Major League Baseball’s PitchSmart program provides coaches, parents, and athletes with practical recommendations for pitch counts, inning limits, and rest in between outings based on specific age categorizations. Most baseball associations in Canada are abiding by these guidelines, and we recommend continuing to do so. Having said that, we believe that there is much more that can be done to improve workload management. By tracking other pertinent information, we can better manage the capacity to handle workload throughout the season.

Here are a few simple but practical suggestions:

(1) Number of Pitches Per Inning & the Cumulative Total Per Game. Keep a running log of pitches thrown per outing, inning, and the dates, so as to better manage the pitchers capacity. You can’t expect to build up a player’s ability to handle workload if you aren’t measuring it in even the crudest form.

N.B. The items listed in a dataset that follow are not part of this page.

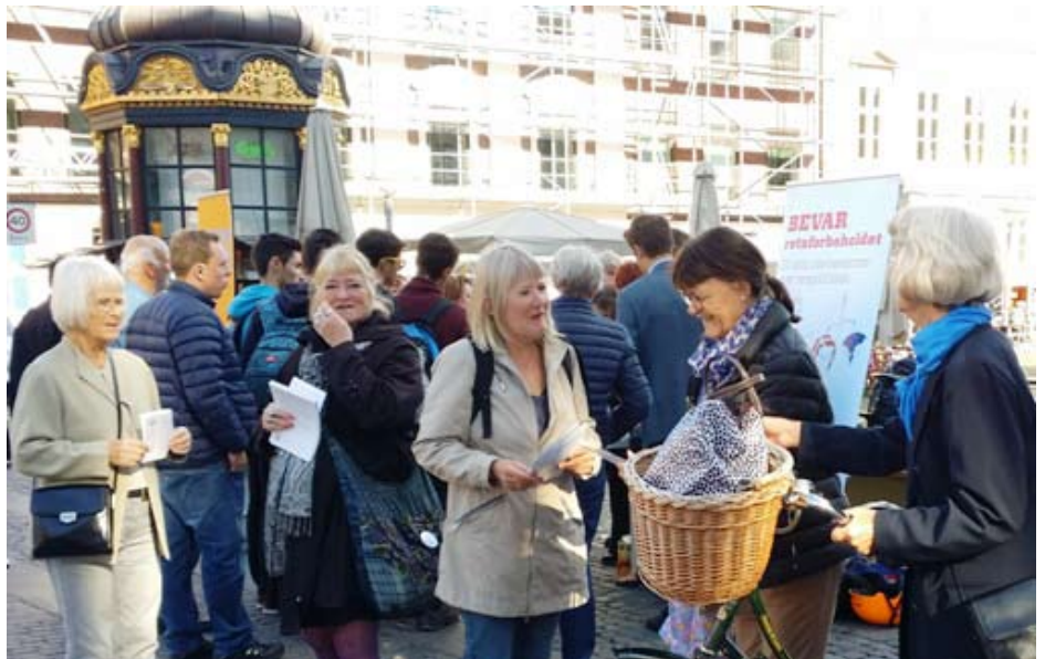
Folkebevægelsen mod EU's vellykkede valgkamp mod afskaffelse af retsforbeholdet

Folkebevægelsens nuværende enlige parlamentsmedlem, Rina Ronja Kari, er medlem af Enhedslisten. Hun afløste Søren Søndergaard, som vendte tilbage som medlem af Enhedslistens folketingsgruppe. Også hans forgænger Ole Krarup var medlem af Enhedslisten,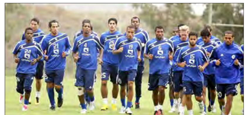
من المعسكر الأوروبي لفريق الهلال

والاتفاق والفتح والقادسية، معسكراتها في ألمانيا لقلّة الكلفة التي لا تتجاوز 250 ألف دولار إضافة إلى أن ألمانيا توجد بها عدة درجات للأندية تتدرج من الأولى إلى الرابعة كما أن معظم فرقها بدأت في الاستعداد للموسم المقبل ما يعني وجود فرص لإقامة العديد من المباريات الودية في الوقت الذي ترفض فيه فرق أسبانيا وإنجلترا والسويد الاحتكاك في هذا التوقيت مع فرق لن تضيف لها جديداً لضعف مستواها. ولم تستطع أندية التعاون والفيصلي والحزم إقامة معسكراتها في أوروبا لضعف ميزانياتها ولجات لإقامة معسكراتها بمصر.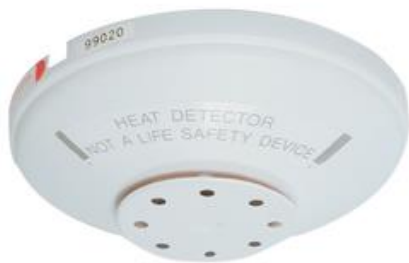
Figura 1: Detector de calor mecánico serie 281B-PL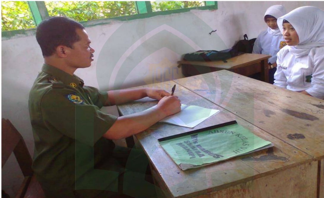
Foto sewaktu wawancara dengan siswa kelas VIII yang mengalami kesulitan belajar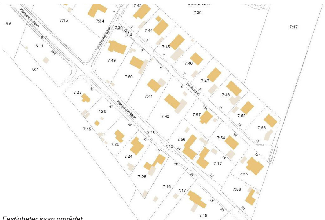
Fastigheter inom området

Eventuell påverkan på berörda fastigheter behandlas i Trafikverkets vägplan. Ändringen av detaljplanen förutsätter inga fastighetsrättsliga åtgärder.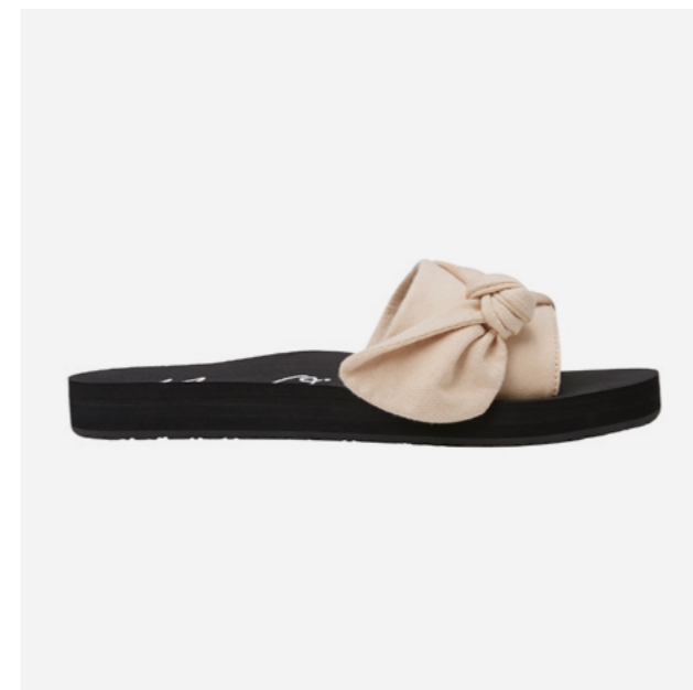
MONICA 3D BEACH SANDAL 104 16401003 612 / 715 sand Sizes 36–42 RRP 49,95 €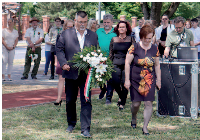
Az esemény végén a képviselők megkoszorúzták az emlékművet.

A magyar hősök napja alkalmából tartottak megemlékezéseket május 27-én Szerencsen és Ondon. Az elesett magyar hősök emlékezetét először 1917-ben iktatták törvénybe, az emléknap erre az évre vezethető vissza, ekkor már a végéhez közeledett az első világháború. Ekkor mondták ki először, hogy nemzetünk hősi halottainak kegyeletteljes tiszteletét megfelelő módon kifejezésre kell juttatni. A kommunista Magyar-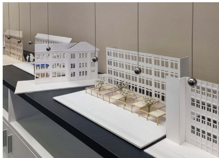
05.11.2025: Giornata di Studi. Approfondimenti e modelli di edifici scolastici milanesi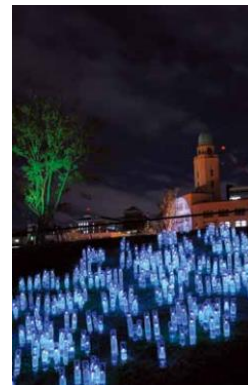
2013年最優秀賞受賞作品 Light Bottles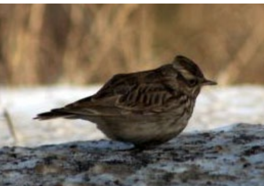
Sila cīrulīis, Lullula arborea , 4.02.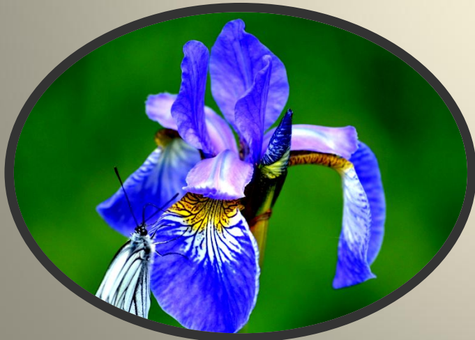
Касатик (Ирис) сибирский Iris sibirica L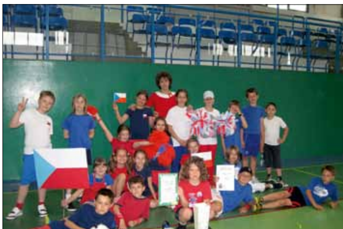
Puchar MINIEURO 2012 w Zielonkach zdobyła drużyna Czech, czyli klasa III b.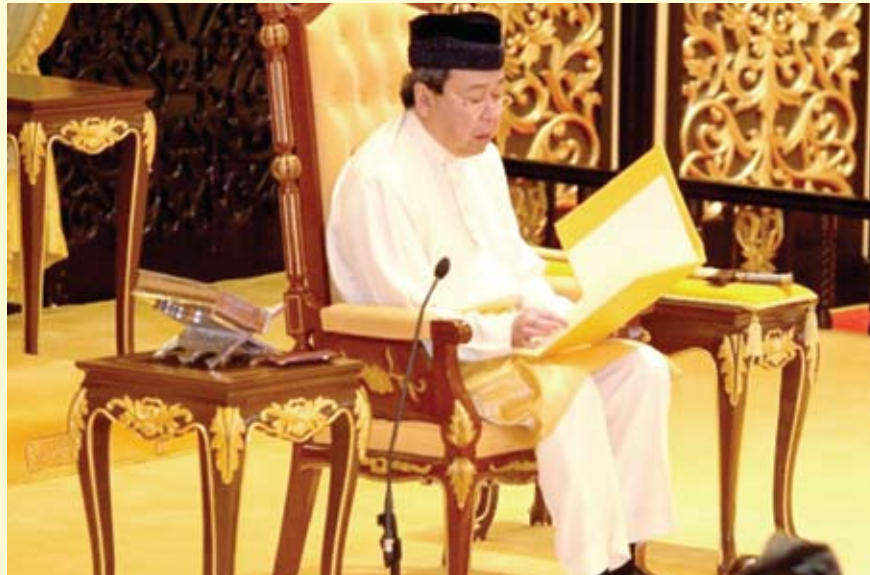
Sultan Selangor bertitah ketika menyampaikan watikah pelantikan Exco Kerajaan Negeri Selangor

"Setiap tanggungjawab yang bakal dipikul hendaklah dikendalikan secara

(2) Rating of Perceived Exertion (RPE). This is a subjective rating, scored on a 1-10 scale (Borg Scale), given by an athlete after their pitching session. It is measuring how hard the pitcher believed they were working. This again, can be helpful in determining capacity to handle workload. If a pitcher throws 40 pitches over 2 innings and scores a 5/10, then maybe next outing they’re ready to push that pitch count higher.

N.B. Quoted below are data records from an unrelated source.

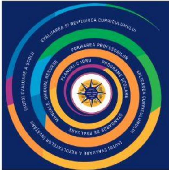
Figura 2. Continuumul predare-învățare-evaluare

În acest sens, profilul de formare al absolventului funcționează ca nucleu ce fundamentează, influențează și orientează constructul curricular, din perspectiva imediată a documentelor reglatoare, planuri-cadru de învățământ și programe școlare, precum și din perspectiva aplicării curriculumului: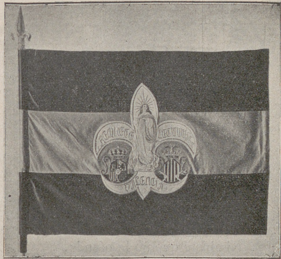
Bandera del Requeté Jaimita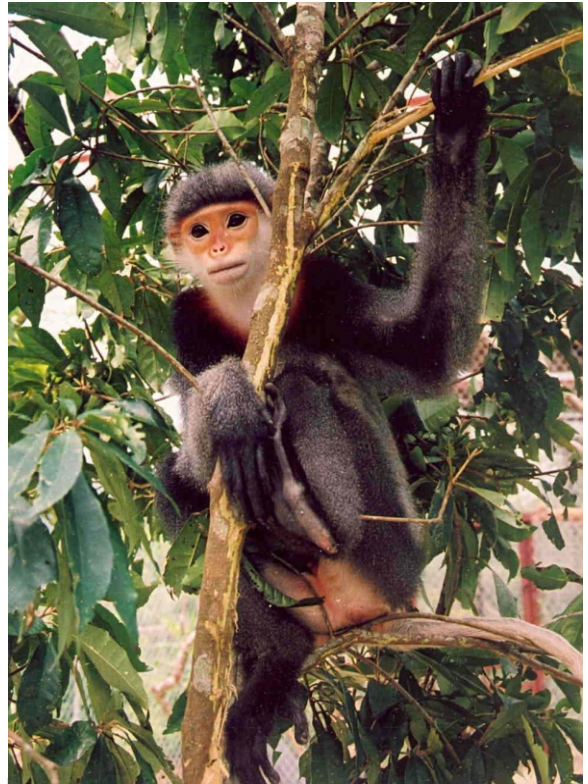
Voọc chà vá chân đen nổi bật với chân đen và mình xám.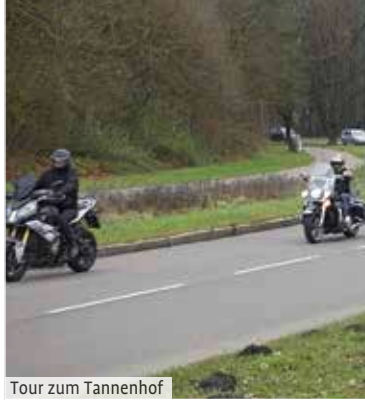
Tour zum Tannenhof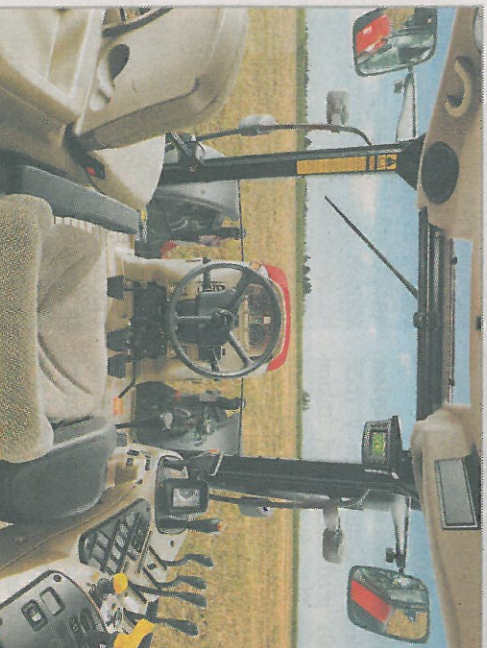
Maxxum vyniká také vysokým komfortem pro řidiče

Rok provozu zdarma zahrnuje náklady na materiál pro údržbu po 600 hodinách (filtry, olej).

(3) Pre-Throwing Stress and/or Arousal Levels. Essentially tracking what’s going on outside of baseball. For example, pitching during the middle of final exams likely means more cumulative stress on the athlete and this may be a contributing factor to a decline in performance. Let’s remember that any descriptive form of stress, from physical to mental, undergoes the same biological process and is therefore cumulative. 

(4) Post-Throwing Arm Soreness or Fatigue. How does the pitcher rate their arm health when they come out of the game? Get them to describe it in their own words. Does it feel fatigued, stiff, throbbing, aching, sharp, dead etc. Scale their descriptor from 1-10; 10 being the worst possible level. Repeat the scenario from above the following day, or get them to recount it if you don’t see them until later. If this descriptor increases from a 5-7 with the same amount of pitches, or their descriptor changes from fatigued to painful, then something else is at play.

(5) Constantly Review the Information You Collect! This is the most important step of all. You can collect all of the data in the world, but it won’t mean anything unless you are trying to interpret it. Constantly analyzing the information, and linking it together is what will help improve the pitcher’s health throughout the season. 

This is by no means the perfect collection of scientific data. Keep in mind that there are a multitude of variables that are unaccounted for, and that we can’t control for everything. But in a practical setting, it’s better than not tracking at all. Gathering this information will hopefully provide you more insight into the progression and management of a pitcher’s cumulative workload over the course of a season. It is, in our opinion, a better option for developing workload accumulation than traditionally just counting total pitches.

So please, give it a try, see if you can spot any trends, and let us know if there’s anything interesting that comes up!